From Character to Personality

I am continuing to benefit and be convicted by David Wells’ book The Courage to Be Protestant. Here Wells is commenting on the shift from a man’s character being most important to his personality being most important. I have seen this become a key issue with ministers as pastors are hired more for their personality than for their character. Earlier Wells noted that, “character is either good or bad; personality is attractive, forceful, or magnetic.” Here is a longer quote on the consequences of this shift.

With this shift have come many consequences, probably few of which were foreseen as these great changes began to unroll. The older vision in which character was paramount produced an understanding of the self that was quite different from what we have now. Then the thought was that personal growth comes through cultivating virtues and restraining vices. Moral limitation through self-control and self-sacrifice was the key to satisfaction and happiness.

By contrast, the vision that grows with the new preoccupation with personality is one of unlimited self-expression, self-gratification, and self-fulfillment. The pursuit of pleasure has taken the place of moral nurture, the expression of emotion that of moral reticence [reserve/restraint]. What is remarkable about this is that people now think happiness has nothing to do with the moral texture of someone’s life and can be pursued as an end in itself. Indeed, many think it can simply be bought. That is what living in our consumer paradise has done to us now that we have vacated the older moral world.
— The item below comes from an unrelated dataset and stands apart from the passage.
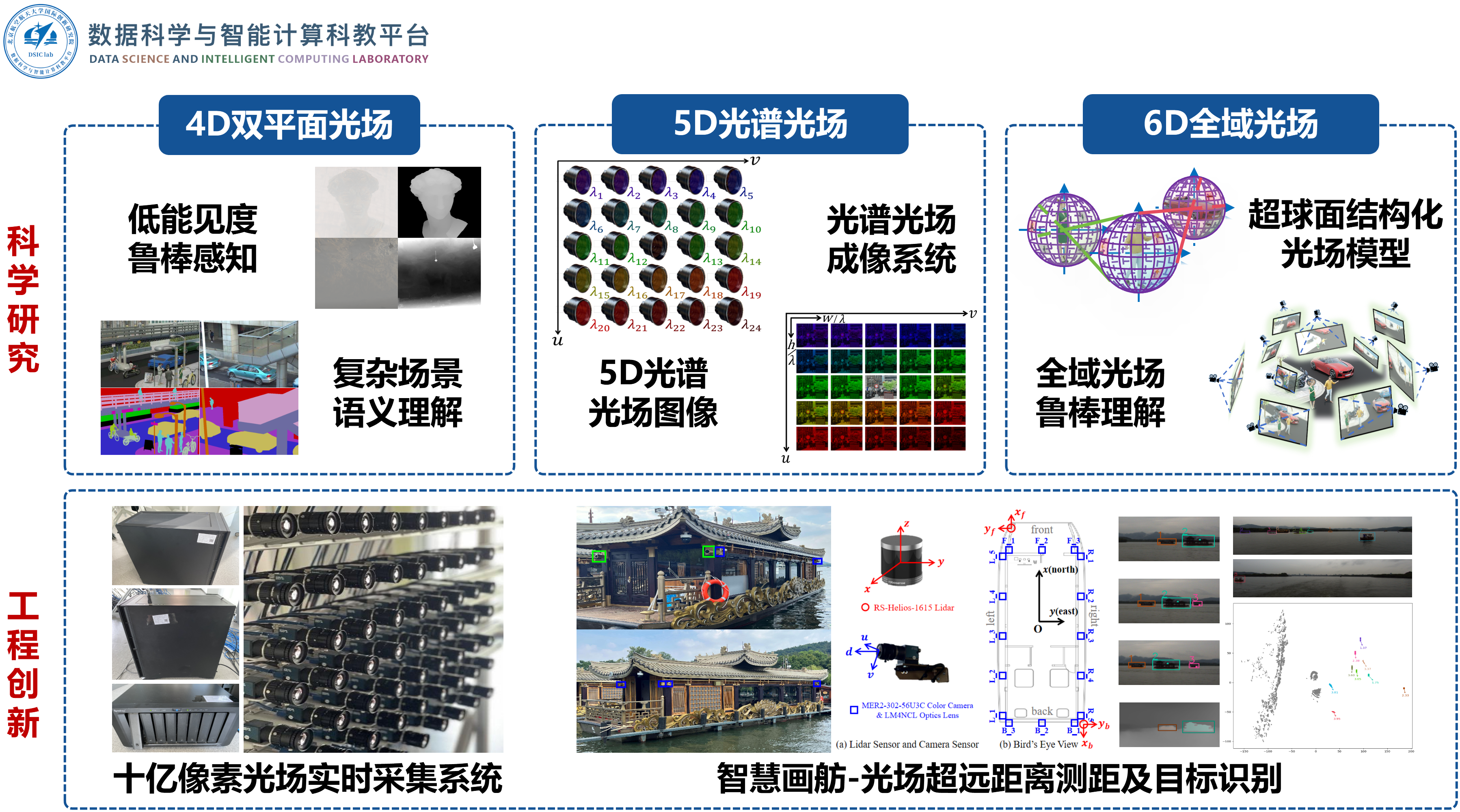 平台长期开展视觉理解、光场成像和AI医疗等领域研究,相关技术在西湖景区、重点医院等进行了推广应用。团队首先提出全域光场理论,围绕光场图像处理发表TPAMI、TIP、CVPR、ICCV等顶级期刊/会议论文60余篇(其中,高被引论文10篇,热点论文4篇);出版国内首部领域相关教材《光场图像处理》;申请/授权专利20余项,相关专利已在西湖景区等多地落地实施;提出首个大规模光场语义分割数据集UrbanLF,是第三届国际光场研讨会LFNAT 2023 CVPR Workshop挑战赛(深度估计、语义分割)指定数据集,也是目前光场图像语义分割领域唯一公认基准数据集;所提出一系列方法长期在光场深度估计通用Benchmark位居前列,获CVPR光场语义分割国际挑战赛冠军;研究成果得到新华社、人民日报、人民网等主流媒体宣传报道。

This shift from character to personality has also changed our ideas about success. An earlier generation thought about success in terms of hard work. But not hard work by itself. It was work that was also done well, work that reflected moral virtues like diligence, integrity, conscientiousness, and standards of fairness. People who worked well tended to live more circumspectly. They were more likely to restrain self-indulgence, refuse to make their consumption conspicuous, and express civic virtues in their town and neighborhood. Success in these ways was something that all could attain regardless of what kind of work they did…

When our focus changed from character to personality, so, too did our understanding of what success is. Success was not about living the good life, but about living well, high on the hog, as Americans say. Once others approved of us because of our character and the quality of our work…now it is far more important to stand out simply for what we have and how we can impress others.

Today we may well prefer to be envied than admired. Whereas the older kind of success was durable, this is not. This is fleeting. It is dependent not on its own quality but on the perceptions of others. Perceptions, however, are fickle, changing, quickly superseded, quickly forgotten. Success today, therefore, has to be constantly renewed, burnished, updated, recast, reinvigorated, made even more current, made freshly appealing, dressed up afresh, and reasserted. This is an ongoing project, and if it does not go on, our success begins to evaporate…

When the self began to be experienced through personality rather than within the framework of character, moral obligations that were common broke down. There was no longer a moral world outside each individual that restrained and directed that individual. Now, we have become self-directing, each in his or her own way.